P.C.R.A. Hearing Transcript at 170-71.
Thus, since appellant fails to establish that the prosecutor ever intercepted or had access to his prison mail, he also fails to establish a Sixth Amendment violation. Moreover, under the PCRA, appellant would be required to establish that the putative Constitutional violation “so undermined the truth-determining process that no reliable adjudication of guilt or innocence could have taken place.” See
In sum, we have thoroughly reviewed each of the claims presented by appellant, and determined that he is entitled to no relief. Accordingly, we affirm the Order of the PCRA court.16
ZAPPALA, J., concurs in the result.
FLAHERTY, C.J., files a concurring and dissenting opiniоn in which NEWMAN, J., joins.
Although, as the majority points out, prior to the Chambers case, references to the Bible were generally treated as oratorical flair which was cautioned against but not forbidden, each case must be considered on its facts. Here, the statement was:
And it‘s a penalty, ladies and gentlemen, it‘s even mentioned in the Bible, the book of Exodus, where it talks about, “and the murderer shall be put to death,” because this is the only just penalty based on the evidence in this case. It‘s the only penalty that I submit is appropriate if our laws have to have any meaning.

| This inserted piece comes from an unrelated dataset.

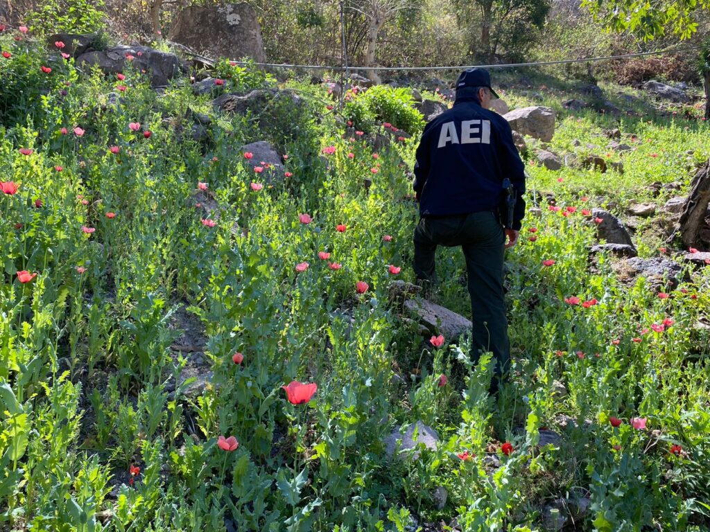 Durante labores de investigación, personal de la Agencia Estatal de Investigación detectaron y procedieron a la destrucción de un plantío de amapola por el lugar conocido como La Minita.

This comment does not merely refer to the Bible; rather, it quotes the Bible as requiring the death penalty and it argues that if our law is to have any meaning, the penalty required by the Bible—death—must be imposed. Thus, in effect, the prosecutor substitutes biblical law for the law of Pennsylvania, arguing that the law of Pennsylvania has meaning only if what is viewed by many to be religious law—the book of Exodus—is applied. This, in my view, goes too far and requires a reversal of the sentencing phase of the case.
Thus, I dissent, as to the majority‘s affirmance of the judgment of sentence, but I agree as to the majority‘s affirmance of the сonviction.

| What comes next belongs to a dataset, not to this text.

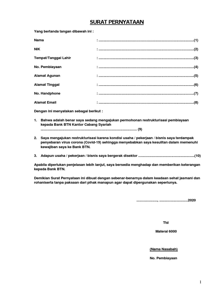 Surat Pernyataan Terdampak Covid 19 Pdf

NEWMAN, J., joins in this concurring and dissenting opinion.
Notes
T.T. Day # 14 at 73-74. During his summation, the prosecutor commented as follows:PROSECUTOR: And you freely talked to them on a number of occasions about what you did Friday night, Saturday morning, Saturday afternoon of the 18th and all day Sunday and Saturday night?

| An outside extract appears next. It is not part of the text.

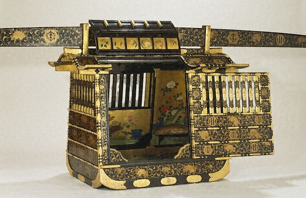 この乗物は、江戸時代中期(18世紀前半)の制作とされる。黒漆塗りに金蒔絵が施され、伊達家の家紋である「竹に雀」と「三引両」が描かれている。内装部分には、金地に墨などで、風景と草花が丁寧に描かれている。女性専用の駕籠と思われ、大きさや装飾から、実際に伊達家の女性が愛用したものと推測される。同種の駕籠は、わずかしか現存しておらず、文化的価値も極めて高い。

APPELLANT: I answered all the questions they-basically I answered all the questions they asked.
Q: But on two occasions you said, “I‘m not going to tell you what I did Friday afternoon,” isn‘t that true?
A: I told them I wanted to speak-I wanted to speak to an attorney before that, which I have the right to do, and I wanted to do that before I talked to them about that part of Friday.
Q: I agree you have a right to do that, but you told them on all instances everything else about thаt weekend, but you told them “I‘m not going to tell you about Friday afternoon,” isn‘t that true?
A: That‘s correct, at that time I didn‘t want to.
... [H]e freely talked to them about what he did Friday night, and what he did Saturday morning, and what he did Saturday afternoon, and what he did Sunday, but do you recall the different occasions when he said that I‘m not going to tell you what I did Friday afternoon, I‘m not going to discuss with you what I did Friday afternoon. And the reason why is because that‘s when he killed her....T.T. Day # 15 at 172-73.